Kylie Jack is just one woman who experienced harassment in a lingerie shop while shopping for bras. Macy's also found itself in the spotlight for refusing to let a transgender woman use a ladies' fitting room. Other stores have ambiguous dressing room policies, as Styleite uncovered when it inquired into the dressing room policies of six major retailers.

"Most of the world can grab an outfit off the shelf, step into a dressing room and check out without too much of an issue," said Molloy. "Many trans people have to worry about whether they'll be yelled at, humiliated or kicked out of a store simply for trying to use the dressing room." 

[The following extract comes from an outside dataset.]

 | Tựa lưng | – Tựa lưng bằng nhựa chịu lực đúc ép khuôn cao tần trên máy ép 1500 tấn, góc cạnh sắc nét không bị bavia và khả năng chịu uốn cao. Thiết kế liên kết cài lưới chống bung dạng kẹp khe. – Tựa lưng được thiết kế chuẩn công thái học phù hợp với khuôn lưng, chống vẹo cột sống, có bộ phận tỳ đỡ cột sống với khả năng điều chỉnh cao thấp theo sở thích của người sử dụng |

But a cultural shift is underway: There is a noticeable change happening to the gendering of clothes, at both the DIY and retail levels. Efforts of shoppers to take matters into their own hands are evident in trans clothing swaps and online dialogue on Quora threadsblogs and subreddits like transfashionadvice, all crowdsourcing advice on how to find clothes that fit.

On the retail level, clothing lines are taking a more nuanced approach to masculinity and femininity. Marimacho, a Brooklyn-based line highlighted by PBS earlier this year, makes menswear for the "unconventionally masculine" customer. Bindle and Keep, also based in Brooklyn, designs custom suits that have found unexpected fans in transgender shoppers who appreciate the customization. 

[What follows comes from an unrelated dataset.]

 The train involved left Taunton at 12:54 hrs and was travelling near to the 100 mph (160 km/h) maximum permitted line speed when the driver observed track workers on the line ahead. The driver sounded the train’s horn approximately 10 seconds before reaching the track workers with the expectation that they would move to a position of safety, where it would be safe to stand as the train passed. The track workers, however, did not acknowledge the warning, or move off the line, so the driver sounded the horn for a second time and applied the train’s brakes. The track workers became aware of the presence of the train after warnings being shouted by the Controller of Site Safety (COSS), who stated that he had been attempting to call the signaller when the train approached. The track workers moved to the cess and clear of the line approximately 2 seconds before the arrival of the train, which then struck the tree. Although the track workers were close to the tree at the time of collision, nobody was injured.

These clothing lines turn up on sites like Dapper Q, which bills itself "a queer fashion revolution." And more mainstream fashion brands have taken note and begun casting more and more transgender and gender nonconforming models to sell their wares.

Bindle & Keep

But there's more to retail than just reshaping clothing — it's the entire shopping experience, which requires welcoming retail spaces that don't force people to pick limiting categories simply by walking through the door.  

Thankfully, progress is arriving on that front, too. More stores, such as H&M and Urban Outfitters, have expressly unisex fitting room policies, and tellingly, the aforementioned Macy's dressing room incident ended with the firing of the discriminating employee. 

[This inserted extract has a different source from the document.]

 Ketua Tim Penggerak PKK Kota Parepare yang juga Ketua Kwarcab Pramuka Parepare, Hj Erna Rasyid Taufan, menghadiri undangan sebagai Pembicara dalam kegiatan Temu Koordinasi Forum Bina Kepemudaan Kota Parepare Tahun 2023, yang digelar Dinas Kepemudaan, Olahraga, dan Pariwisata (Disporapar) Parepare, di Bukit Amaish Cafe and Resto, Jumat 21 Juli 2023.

It's an encouraging response to a problem that runs much deeper than shopping. It's about the experience of occupying public spaces comfortably in general, something too many trans and gender nonconforming people still don't have. Doing away with the antiquated binary system in fashion is just one modest step to eradicating the confining gender definitions that govern so much of life, from kids' toys to college housing to public bathrooms to even Facebook profiles.

And while unisex clothing and dressing rooms are a positive development, the real goal isn't gender blindness so much as the recognition of gender fluidity and validating the freedom for individuals to self-identify. It's about, you might say, making acceptance the new black.